- Born: 31 July 1724 Amines, France
- Died: 7 April 1801 (aged 76) Paris, France
- Occupations: Lexicographer and grammarian
- Family: Charles de Wailly (brother)

= Noël François de Wailly =

French grammarian and lexicographer (1724–1801)

Noël François de Wailly (31 July 1724 - 7 April 1801) was a French grammarian and lexicographer.

==Life==
He was born at Amiens. He was a student of Joseph Valart and Philippe de Prétot.

Noël François de Wailly spent his life in Paris, where for many years he carried on a school which was extensively patronized by foreigners who wished to learn French. In 1754 he published Principes généraux de la langue française, which revolutionized the teaching of grammar in France. The book was adopted as a textbook by the University of Paris and generally used throughout France, an abstract of it being prepared for primary educational purposes.

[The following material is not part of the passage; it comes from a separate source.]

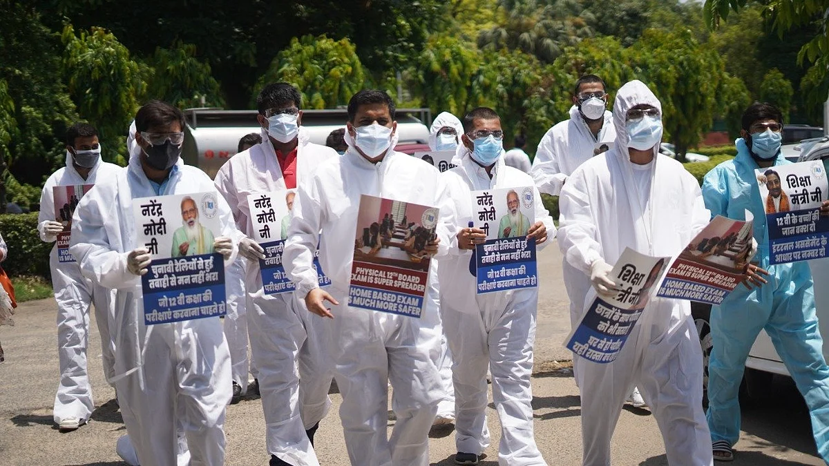 12वीं बोर्ड परीक्षा रद्द करने की मांग तेज, NSUI ने 'पहले सुरक्षा, फिर परीक्षा' के नारे के साथ किया प्रदर्शन
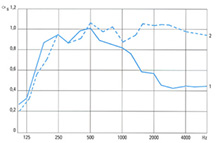Kurve 1: Paneeltyp K-134, unperforiert, Modul 150 mm, Fugenbreite 16 mm, mit Mineralwollplatten 20 mm dick, Deckenhohlraum 20 cm.

In 1771, de Wailly published Moyens simples et raisonnés de diminuer les imperfections de notre orthographe, in which he advocated phonetic spelling. He was a member of the Institute from its foundation (1795), and took an active part in the preparation of the Dictionnaire de l'Académie.

His works, in addition to those cited, include L'Orthographe des dames (1782) and Le Nouveau Vocabulaire français, ou abrégé du dictionnaire de l'Académie (1801).

He was the brother of architect Charles De Wailly and the grandfather of archivist and librarian Natalis de Wailly.